=== Begin Enclosure ===

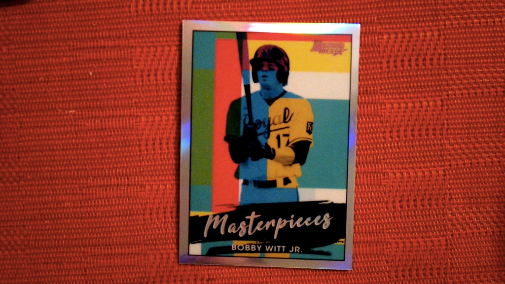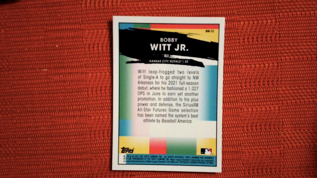 This is a nice example of a 2021 Bowman's Best #BM-12 Bobby Witt Jr. Bowman Masterpieces.
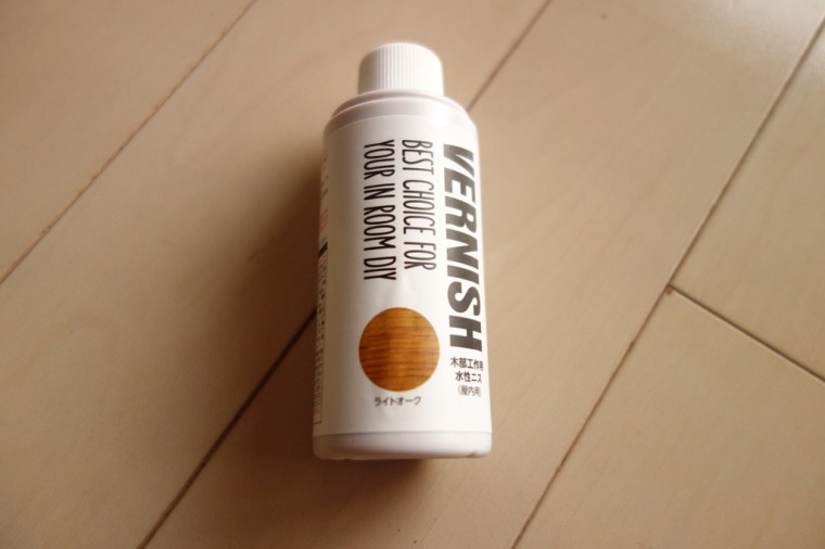 次に百均で木材用の塗料を買ってきました。以前商品撮影用ボードを作った際に使ったウォルナット色が良かったのでそちらと迷いましたが、同じ色だとつまらないのでこちらのライトオークにしました。
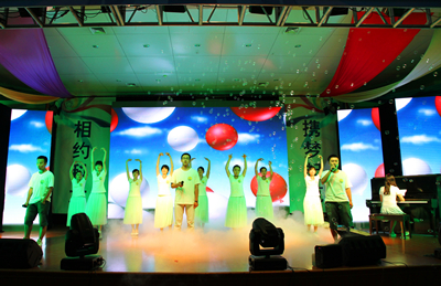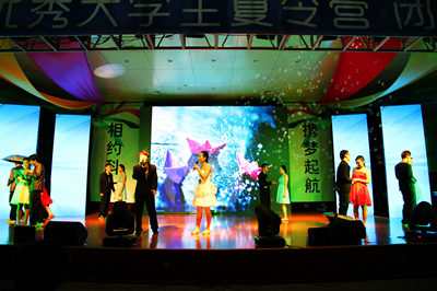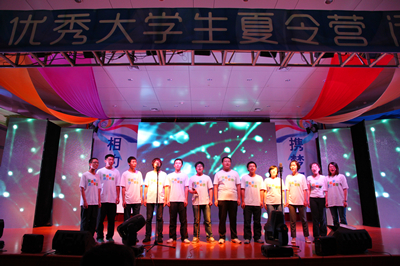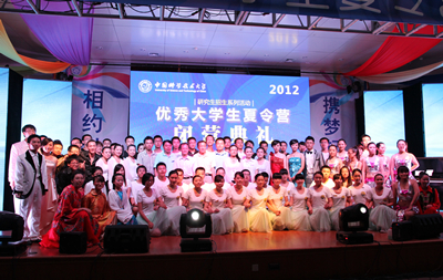 | 7月12日晚,平素宁静的西活礼堂刹那间沸腾。灯光如炽、人流如梭,在这令人陶醉的仲夏之夜,700余观众齐聚一堂,通过一场由参加本届夏令营的600余名优秀学子自编自导自演的文艺晚会,热烈庆祝我校研究生招生系列活动暨2012优秀大学生夏令营完美闭幕。 研究生院、数学科学学院、物理学院、化学与材料科学学院、生命科学学院、地球和空间科学学院、合肥微尺度物质科学国家实验室(筹)、同步辐射国家实验室的相关负责人出席闭幕仪式并观看文艺晚会。

=== End Enclosure ===

● **Work to complete**: Each line of the data above needs to be retyped as it is, without any picture.

● **Written response**:
 This is a nice example of a 2021 Bowman's Best #BM-12 Bobby Witt Jr. Bowman Masterpieces.
 次に百均で木材用の塗料を買ってきました。以前商品撮影用ボードを作った際に使ったウォルナット色が良かったのでそちらと迷いましたが、同じ色だとつまらないのでこちらのライトオークにしました。
 | 7月12日晚,平素宁静的西活礼堂刹那间沸腾。灯光如炽、人流如梭,在这令人陶醉的仲夏之夜,700余观众齐聚一堂,通过一场由参加本届夏令营的600余名优秀学子自编自导自演的文艺晚会,热烈庆祝我校研究生招生系列活动暨2012优秀大学生夏令营完美闭幕。 研究生院、数学科学学院、物理学院、化学与材料科学学院、生命科学学院、地球和空间科学学院、合肥微尺度物质科学国家实验室(筹)、同步辐射国家实验室的相关负责人出席闭幕仪式并观看文艺晚会。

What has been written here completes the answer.